Итак, в самом последнем предложении: или — или, два полюса, на одном из которых — абсолютное знание, на другом — столь же абсолютное безразличие, «трын-трава» или, если перевести это на язык Чебутыкина, «тара...ра...бумбия...». Эволюция Чебутыкина, кажется, лучше всего показывает губительность нахождения на этом втором полюсе, когда жизнь, неважно, своя ли, чужая, утрачивает ценность, попросту говоря — перестает существовать. Если о Наташе сказано, что «она ходит так, как будто она подожгла», то о Чебутыкине можно было бы сказать, что он «ходит» так, как будто непосредственно участвует в убийстве Тузенбаха. Чебутыкин — герой, доводящий свою позицию до логического предела, как бы ставящий на себе самом эксперимент, что придает этому, на первый взгляд, привычному для чеховской драматургии образу страдающего и незлобивого циника какую-то нечеховскую бескомпромиссность, пугающую последовательность.
Ну, а что же на противоположном, «положительном», полюсе оппозиции? Знание смысла жизни, как это декларируется Машей? Но задумаемся: возможно ли такое знания в границах чеховского мира?
«Когда я сегодня проснулась, встала и умылась, то мне вдруг стало казаться, что для меня все ясно на этом свете, и я знаю, как надо жить...»
Если в чем-то приведенное высказывание убеждает, то прежде всего в молодости и наивности младшей из сестер. Вся художественная логика пьесы демонстрирует, что подобного рода «знание» при столкновении с жизнью обнаруживает свою несостоятельность, «недейственность».
Казалось бы, в финальных монологах утверждается реальное и зримое приближение к этому положительному полюсу: «...Кажется, еще немного, и мы узнаем, зачем мы живем, зачем страдаем». Но, конечно, это — коварное чеховское «кажется», парадоксальное чеховское «еще немного», которое так же, как в заключительном предложении «Дамы с собачкой», совсем еще не обещает скорого разрешения проблемы: «И казалось, что еще немного — и решение будет найдено, и тогда начнется новая, прекрасная жизнь; и обоим было ясно, что до конца еще далеко-далеко и что самое сложное и трудное только еще начинается» (С. 10, 143).
Не случайно же и в Ольгином монологе сразу вслед за оптимистическим прогнозом следует отрезвляющая, дважды (а затем, уже в заключительной реплике, еще два раза) повторенная поправка «Если бы знать», означающая скорее не результат, а надежду, не обретение вожделенного смысла, но волю, порыв к нему.
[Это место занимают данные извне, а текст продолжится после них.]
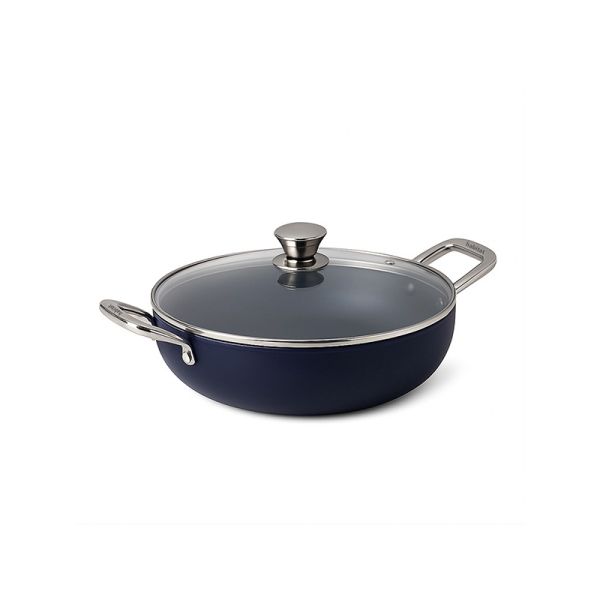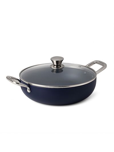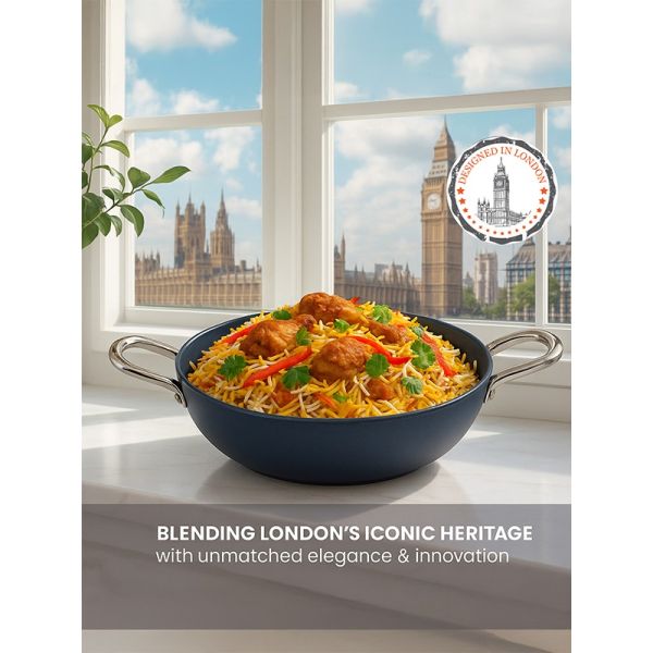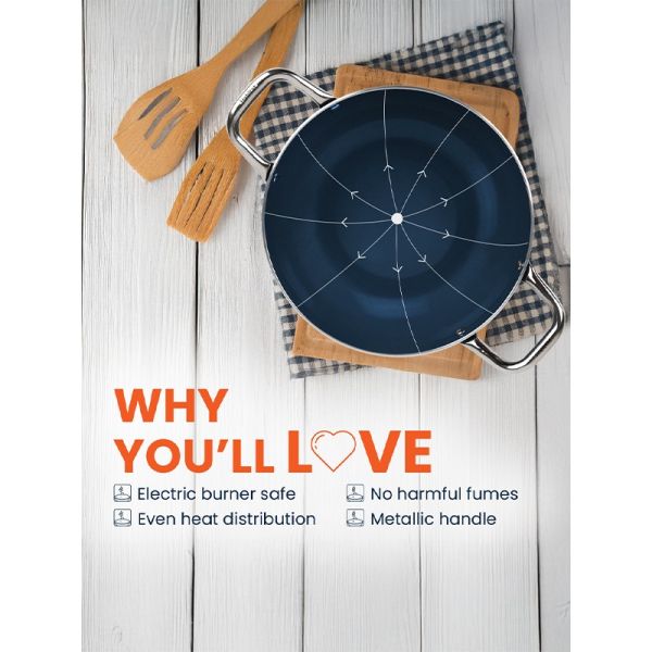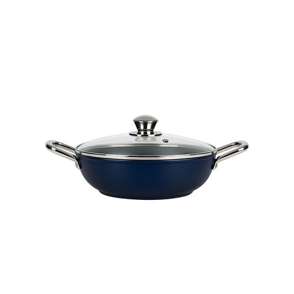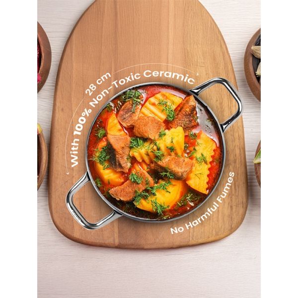 Habitat Ceramic Kadai with Stainless Steel Handle & Glass Lid – 28cm Non-Stick Kadai for Stovetop Cooking

Сослагательное наклонение здесь — не знак выпадения из реальности, не уход в некое «гипотетическое» время9, а наоборот — возвращение к реальности через осознание невозможности окончательного ответа и абсолютного знания, при том, что сама потребность в этом знании, так максималистски заявленная Машей во втором действии, под сомнение не ставится. Знать смысл жизни необходимо и знать его — невозможно...
Как и в знаменитом чеховском «Между «есть Бог» и «нет Бога» лежит целое громадное поле, которое с большим трудом проходит настоящий мудрец...» (С. 17, 224), мы видим «громадное поле» между утопическим полюсом знания смысла жизни и разрушительным полюсом отрицания этого смысла, «поле», которое и есть пространство реальной человеческой жизни10.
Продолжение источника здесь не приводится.